Learning From Data Problem Set 6

2023-11-02

1. [b]

On average, the smaller hypothesis set will have a higher bias term, which corresponds to deterministic noise. It is true, however, that the smaller hypothesis set would have a decrease in variance that overwhelms the increase in bias.

Use the following output for problems 2 - 6

❯ python3 hw6/regularization.py
E_in with no regularization:     0.02857142857142857
E_out with no regularization:    0.084
K = -3,  E_in = 0.028571        E_out = 0.080000
K = -2,  E_in = 0.028571        E_out = 0.084000
K = -1,  E_in = 0.028571        E_out = 0.056000
K = 0,   E_in = 0.000000        E_out = 0.092000
K = 1,   E_in = 0.057143        E_out = 0.124000
K = 2,   E_in = 0.200000        E_out = 0.228000
K = 3,   E_in = 0.371429        E_out = 0.436000

2. [a]

This is sort of the baseline performance.

3. [d]

Small regularization parameter $\lambda$ corresponds to a large $C$, which barely applies any regularization. So, we get similar results to baseline.

4. [e]

Too much regularization leads us to underfit the data and target.

5. [d]

This is just enough regularization.

6. [b]

When $k=-1$, we get an $E_{out}$ of around $0.056$.

7. [c]

$$ \begin{aligned} \mathcal{H}(10, 0, 3) &= w_0L_0 + w_1L_1 + w_2L_2 + 0 + \dots + 0 \\ \mathcal{H}(10, 0, 4) &= w_0L_0 + w_1L_1 + w_2L_2 + w_3L_3 + 0 + \dots + 0 \
\end{aligned} $$

The intersection of these sets will clearly just be the first 3 terms of $\mathcal{H}(10, 0, 3)$, which is the same as $\mathcal{H}_2$. The union of these is not $\mathcal{H}_4$ because that would require an $L_4$ term to survive, but it perishes in the union.

8. [d]

The operation $w_{ij}^{(l)}x_i^{(l-1)}$ is only used in forward propagation and does not appear in backpropagation.

There are $22$ total unique weights in this network and each will be updated during backpropagation.

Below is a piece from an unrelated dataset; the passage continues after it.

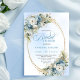 Stylish Dusty Blue Flowers Gold Frame Bridal Showe Invitation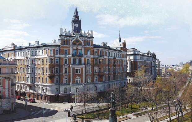 Точный адрес этого доходного дома получился сложным, по каждой из граней: Сретенский бульвар, дом 6/1, Фролов переулок, дом 6/1, Бобров переулок, дом 1 и Милютинский переулок, дом 22. В доме два корпуса, построенных архитекторами Николаем Проскурниным и Виктором Величкиным в 1899–1902 годах. Про страховое общество, чей вензель — буквы СОР — украшает ограду, надо сказать хотя бы, что это была крупнейшая российская компания добровольного страхования, основанная в 1881 году. Самое могучее среди русских акционерных обществ: его капитал в конце 1918 года достигал 109,1 млн рублей. В плане архитекторов дом был ещё громадней — проезда между Сретенским бульваром и Бобровым переулком не предусматривалось. Вдоль бульвара шла бы сплошная «крепостная» стена. Однако пожарные службы проект не утвердили: слишком далеко бы пришлось объезжать при пожаре. Так появились два неравных корпуса, проезд между ними и ворота, красота которых лишь добавила постройке элегантности. Ограду и ворота создал ещё один сотрудник «России» — архитектор Отто Вильгельмович фон Дессин. Архитекторы Николай Михайлович Проскурнин служил архитектором страхового общества «Россия» в Петербурге. Работал в Москве, Риге и других городах. Интересно, что ещё один доходный дом того же заказчика, построенный Проскурниным, тоже сохранился, хотя и был перестроен до неузнаваемости. Сейчас это здание ФСБ на Большой Лубянке, дом 2. Виктор Андреевич Величкин также состоял архитектором СОР, а среди его личных проектов в Москве самым знаменитым является гостиница «Савой». Основным стилем стала эклектика, смешение и слияние разных стилей: кружевные решётки балконов, эркеры и стрельчатые арки, башенки и башня с часами — итальянское Возрождение и готический замок. Решётки лестниц, козырьки и картуши над парадными подъездами, каминные полки, всё в этом доме — произведение искусства. Если снаружи здание напоминает огромный корабль, то внутри есть ещё дворы-колодцы, куда выходят чёрные лестницы. На плане видно, что корпусов как будто три, и в каждом внутренний двор, только одна треть отделена проездом и имеет острый угол, повторяющий слияние Боброва и Фролова переулков. Это здание стало на начало XX века самым технически оснащённым жилым домом Москвы. В нём было сто сорок восемь прекрасных квартир с высокими потолками, каминами и всеми условиями для комфортной жизни. В подвале дома размещались восемь отопительных котлов, насосы, вентиляционные установки под стать современным: с увлажнением воздуха и возможностью его подогрева. Освещение обеспечивала собственная электростанция, работающая на нефти. Питьевая вода добывалась из двух артезианских скважин — тоже современно и гигиенично. Лифты в доме электрические, шик-модерн! Кухни были оборудованы готовочными печами и мойками, ванные и уборные также соответствовали последним веяниям прогресса. В подвале и на чердаке находились прачечные, так что жильцам этих роскошных квартир надо было озаботиться только соответствующей прислугой. Впрочем, для неё места в квартирах хватало. Разумеется, конструкция дома не предусматривала мусоропровод, впрочем, и сейчас в Москве достаточно таких домов. Всё остальное, о чём только мечтали состоятельные квартиросъёмщики, было. К сожалению, со времён постройки этого чудо-дома окружающий пейзаж сильно изменился, и

The $w_{ij}^{(l)}\delta_j^{(l)}$ term is used to get $\delta_i^{(l-1)}$ while $x_i^{(l-1)}\delta_j^{(l)}$ terms are used in the weight update step of SGD.

There are $22$ weights and $2$ types of operations of interest, so we would see $44$ of these operations.

9. [a]

We can achieve the minimum number of weights, or connections, by making each hidden layer have a single dimension. This would result in $10$ weights between the input layer and the first hidden layer, with $36$ weights from the first hidden layer to the final output layer.

10. [e]

If laying all the units in a line yields the minimum, surely the opposite would give us the maximum right? Not exactly. If we have one hidden layer with $36$ units, then we get $$ 10 \times 35 + 36 \times 1 = 350 + 36 = 386 \textrm{ weights} $$

which is far from what we can get with two hidden layers, each with $18$ units each

$$ 10 \times 17 + 18 \times 17 + 18 \times 1 = 170 + 306 + 18 = 494 \textrm{ weights} $$

So, I brute forced from two layers and reached $510$ with $22$ units in the first hidden layer and $14$ in the second

$$ 10\times21 + 22\times13 + 14 = 210 + 286 + 14 = 510 \textrm{ weights} $$

Note that the bias term has no weights going into it.

I have no idea how to do this analytically with optimization. Luckily, $510$ is the largest answer choice and using quadratic programming we get the following solution:

❯ python3 hw6/edges.py
L1 =  22
L2 =  14
Z =  510

Though we get kind of lucky here because this is non linear quadratic programming applied to a linear quadratic programming problem.